The power under resolution 17 would be limited to allotments up to a nominal amount of £13,000,000 (representing 13,000,000 ordinary shares) in connection with an acquisition or specified capital investment (within the meaning given in the Pre-Emption Group's Statement of Principles). This nominal amount represents approximately 5 percent of the issued ordinary share capital of the Company (excluding treasury shares) as at 26 November 2018, the latest practicable date prior to publication of this Notice).
In respect of the authority under resolution 17, the Board confirms that it will only allot shares pursuant to this authority where the acquisition or specified capital investment is announced contemporaneously with the allotment, or has taken place in the preceding six-month period and is disclosed in the announcement of the allotment.
The authorities under resolutions 16 and 17 will expire at the conclusion of the following AGM or, if earlier, at the close of business on 13 May 2020.
Resolution 18 is to renew the authority granted to the Company at the 2018 AGM to purchase its shares. Whilst the Directors have no current intention of using this authority to make market purchases, this resolution provides the flexibility to allow them to do so in the future. The Company would only purchase its shares where the Directors believed that to do so would result in an increase in total return per share and that it was in the best interests of shareholders generally.

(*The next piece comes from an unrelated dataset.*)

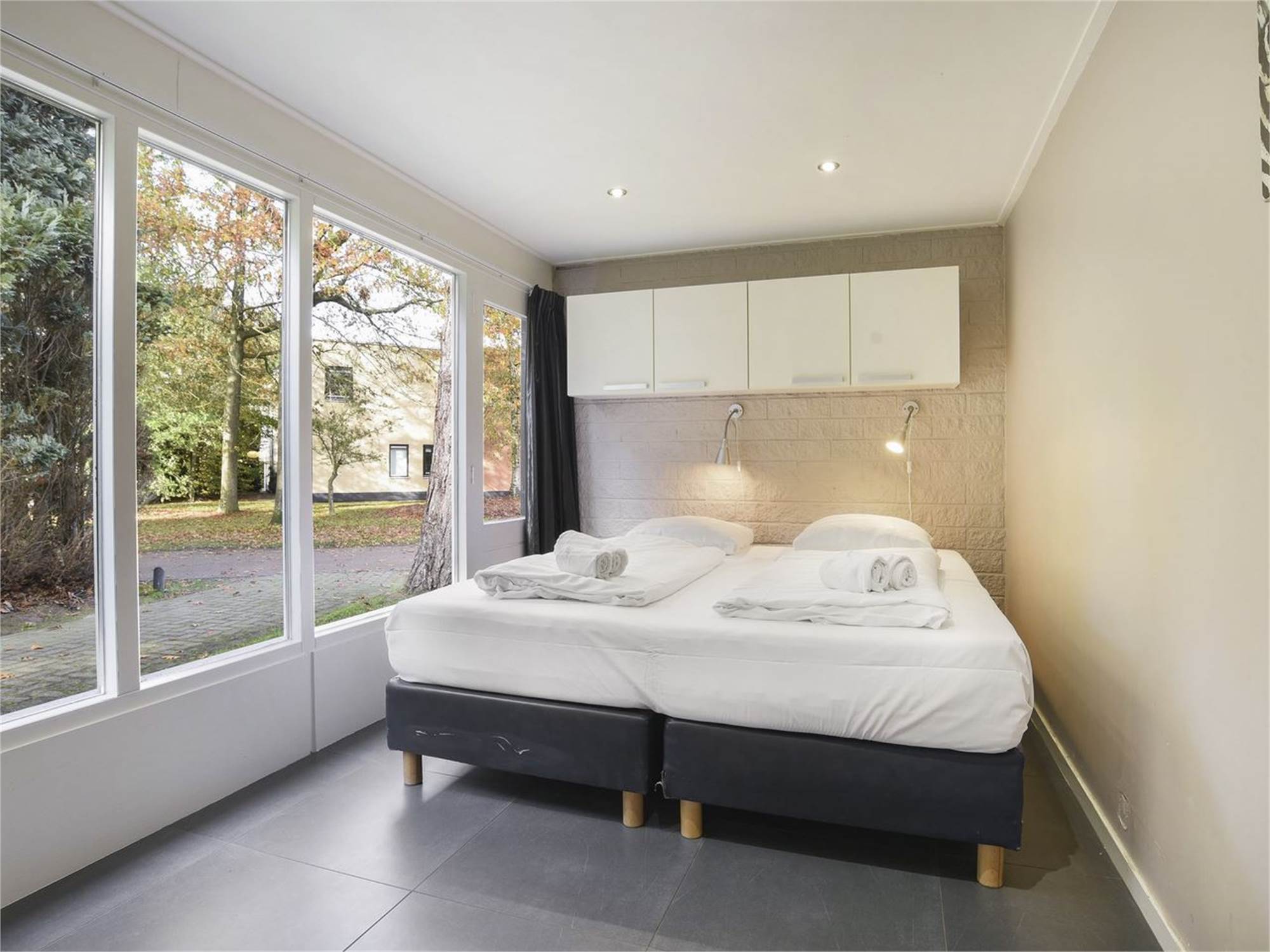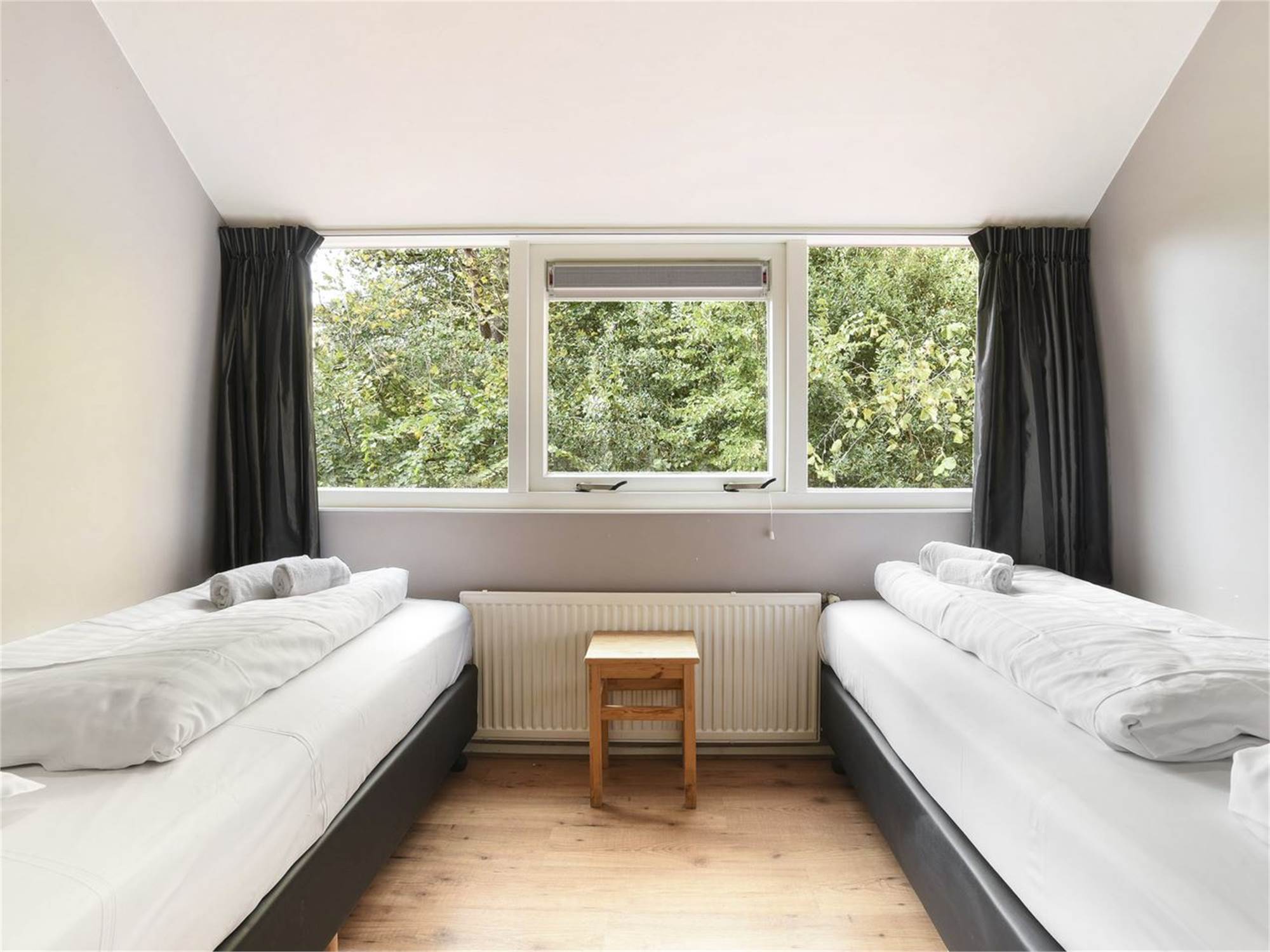 Bedroom with two single box spring beds, space next to the bed a minimum of 60 cm and turning circle a minimum of 120 cm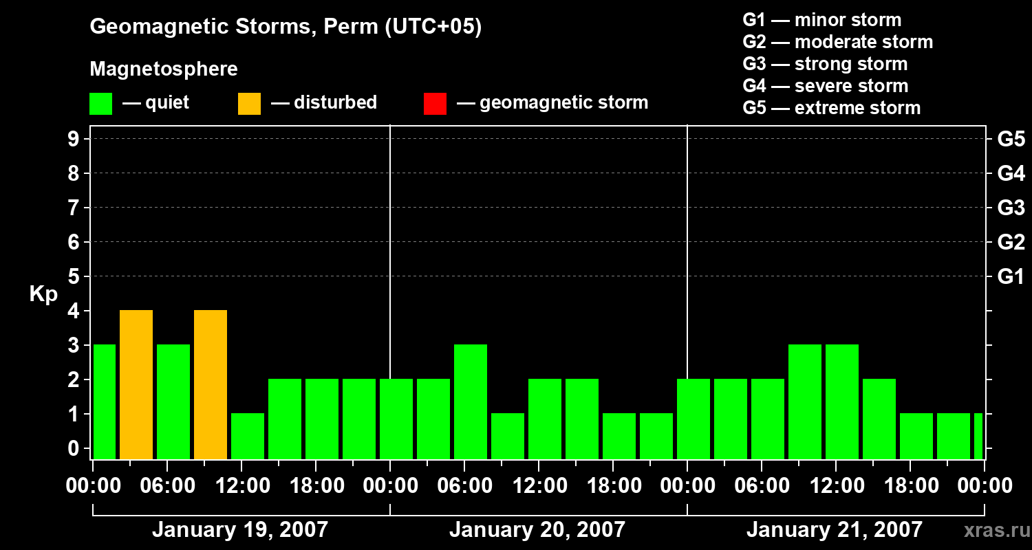Changes in the geomagnetic index Kp from January 19 to 21, 2007 for mid latitudes

The Company currently has the necessary shareholder approval to undertake such share buy-backs and is proposing the appropriate renewal of this authority at its 2019 AGM. This resolution, which is being proposed as a special resolution, will enable the Company to purchase, in the market, up to a maximum aggregate number of 26,000,000 of the Company's ordinary shares (approximately 10 percent of the issued share capital (excluding treasury shares) as at 26 November 2018) for cancellation, or to be held in treasury, at a minimum price (exclusive of expenses) of 10p per share and a maximum price (exclusive of expenses) of the higher of: (i) 5 percent above the average middle market quotation for an ordinary share as derived from the London Stock Exchange Daily Official List for the five business days immediately prior to purchase; and (ii) the higher of the price of the last independent trade and the highest current independent purchase bid on the trading venue where the purchase is carried out. Any shares purchased under this authority will be held as treasury shares. Listed companies, with authorisation from shareholders, may buy and hold their own shares in treasury instead of cancelling them immediately. Shares held as treasury shares can in the future be cancelled, re-sold or used to provide shares for employee share schemes.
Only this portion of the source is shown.